Jeder Mensch muss gleich sein, besonders vor dem Gesetz und dem Recht. Alle Menschen werden frei und zu gleichen Rechten geboren und bleiben es. Soziale Unterschiede dürfen nur im allgemeinen Nutzen begründet sein.

Neben der unverrückbar und für alle Zeiten niedergeschriebenen freien Äußerung von Meinungen und Gedanken, die als das Kostbarste aller Menschenrechte bezeichnet wird, heißt es dort neben Anderem,

Die Freiheit besteht darin, alles tun zu dürfen, was einem anderen nicht schadet: Die Ausübung der natürlichen Rechte eines jeden Menschen hat also nur die Grenzen, die den anderen Mitgliedern der Gesellschaft den Genuss eben dieser Rechte sichern.

Und damit sind wir genau am Eingangs erwähnten Punkt. Lobbyismus in der Politik, zumeist von multinationalen Unternehmen vorangetrieben, unter Verwendung unermesslicher finanzieller Mittel, und unter Zuhilfenahme der von ihnen maßgeblich beeinflußten oder sogar kontrollierten Massenmedien, haben zur einer extremen sozialen Schieflage geführt. In den letzten zehn, fünfzehn Jahren ganz besonders auch in den westlichen Demokratien.

Die Schaffung globaler Arbeitsmärkte, der Wegfall von Zöllen und anderen Reglementierungen der Wirtschaft haben zu einer weiteren extrem ungleichen Verteilung natürlicher wie finanzieller Ressourcen geführt. Sie machen eine Anwendung des in allen Verfassungen implementierten Geistes von Freiheit, Gleichheit und Brüderlichkeit kaum noch möglich.

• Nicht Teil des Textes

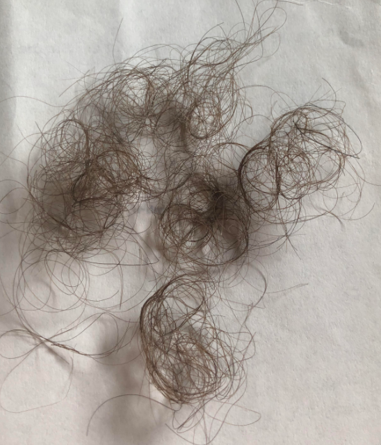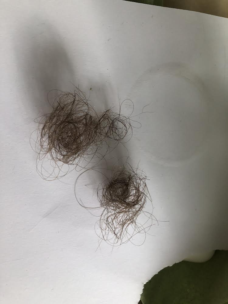 Bei den ausgefallenen Haaren auf dem Foto, kann man schlecht schätzen, wieviel das genau sind, da du ja lange und vor allem dickes, lockiges Haar hast.
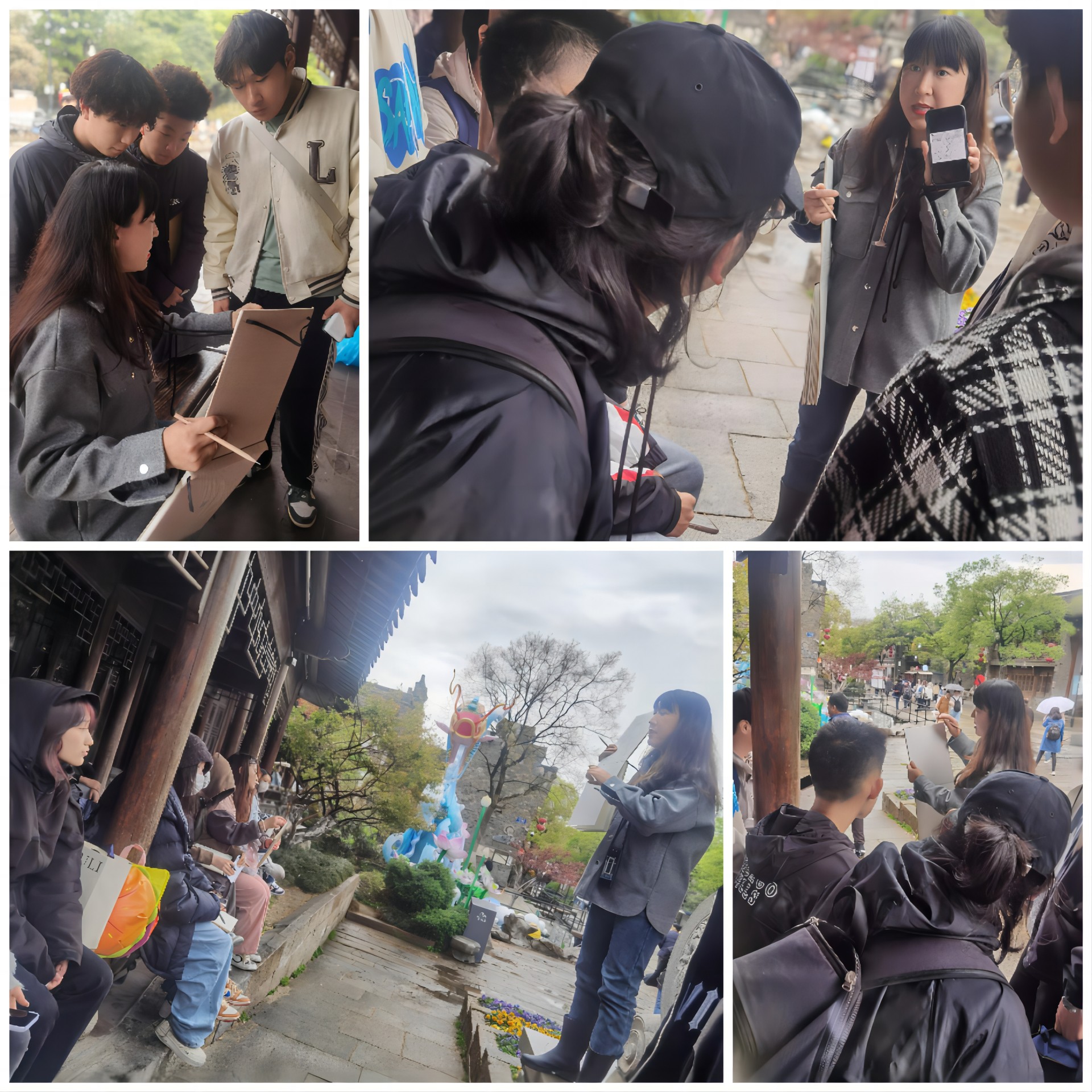 为了提高室学生的手绘水平,开阔专业视野,增强专业学习兴趣,践行美育教育,建筑室内设计专业224805班的学生在班主任李卉和专业老师徐嘉嘉的带领下,于2023年4月3日下午到老门东进行风景和建筑写生。
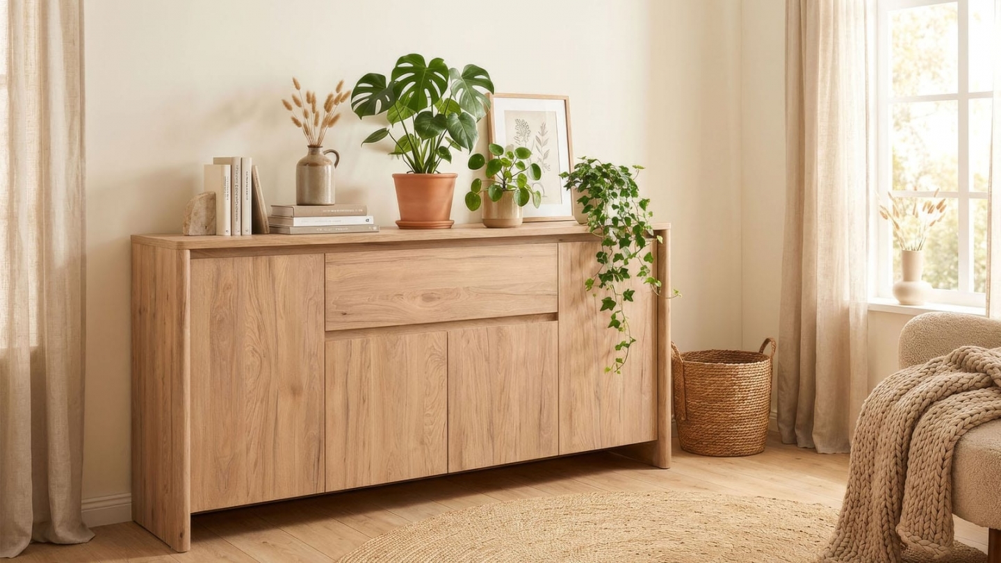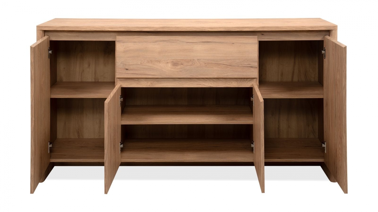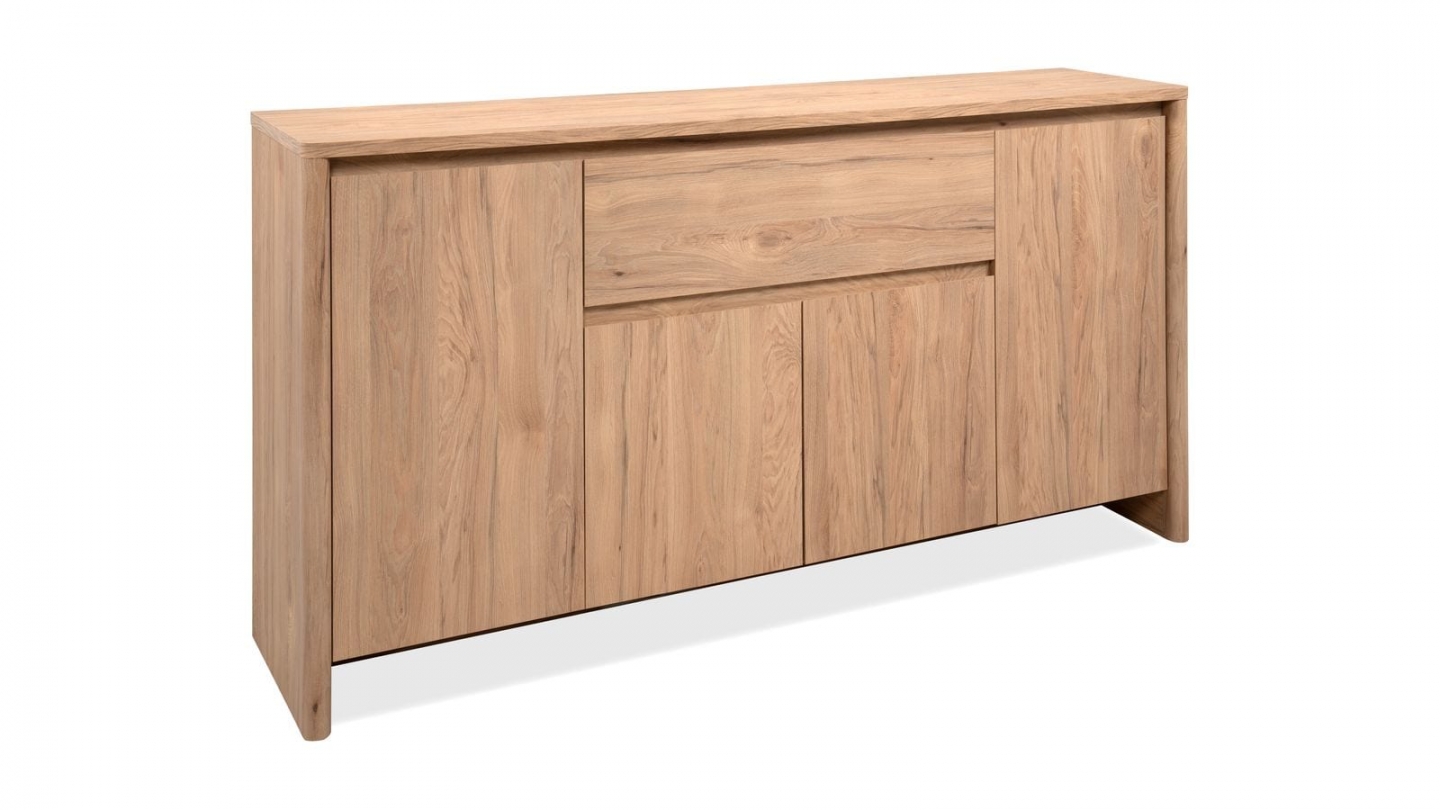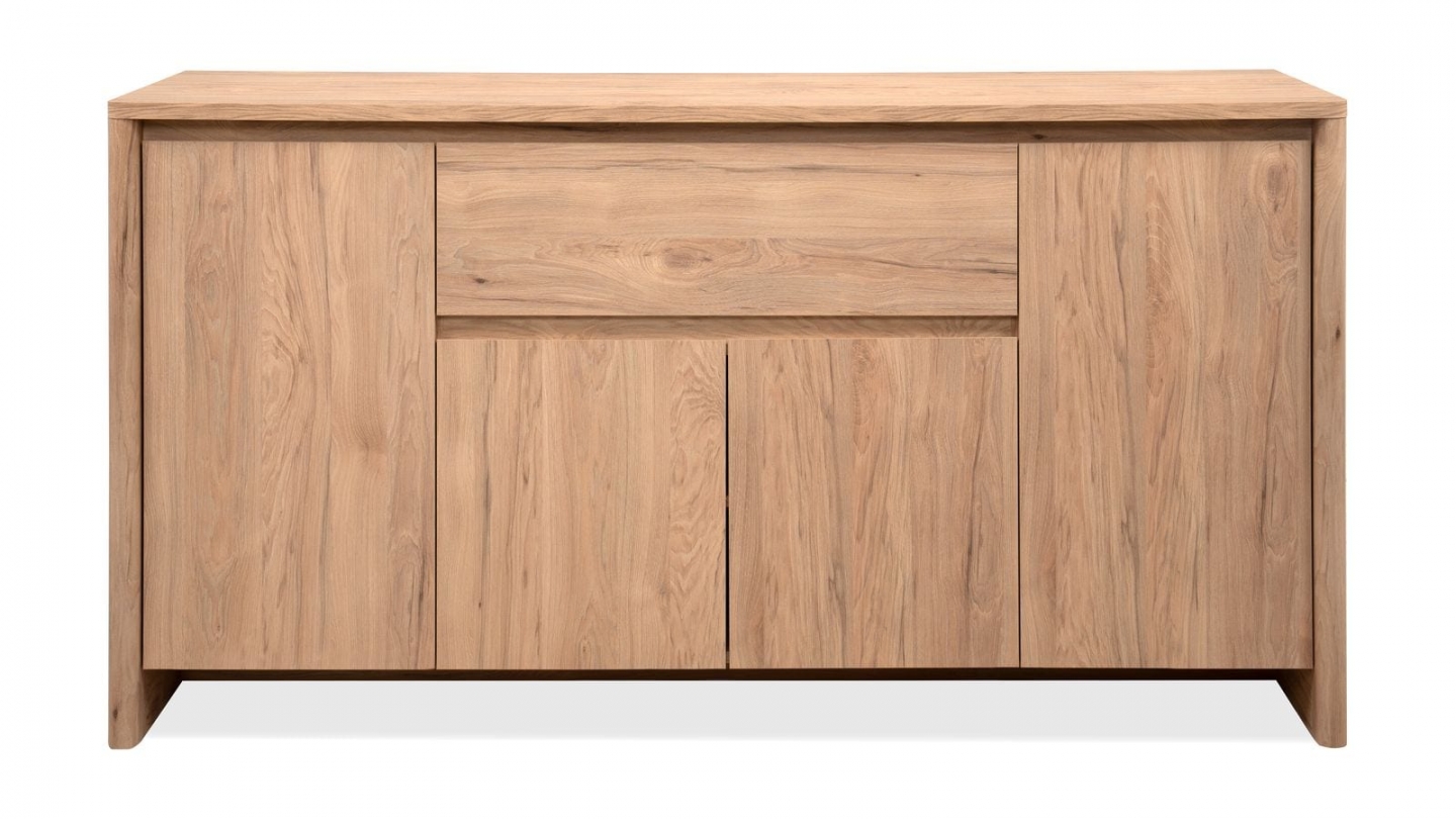 • Buffet effet chêne Sintra• Matière : panneaux de particules, mélaminé• Couleur : naturel effet chêne• Matière du piétement : plastique noir• 5 portes, 7 tablettes et 1 tiroir double• Dimensions totales : 180x42 x90cm• Garantie 2 ans

Das Deutsche Grundgesetz beginnt in Artikel 1 mit den Worten,

Die Würde des Menschen ist unantastbar.
Sie zu achten und zu schützen ist Verpflichtung aller staatlichen Gewalt.

Ein Kolumnist ist heute der Meinung, es wird Zeit, dass sich die politisch Verantwortlichen der Bunderepublik Deutschland dieser Verpflichtung wieder einmal aufs Neue bewusst werden.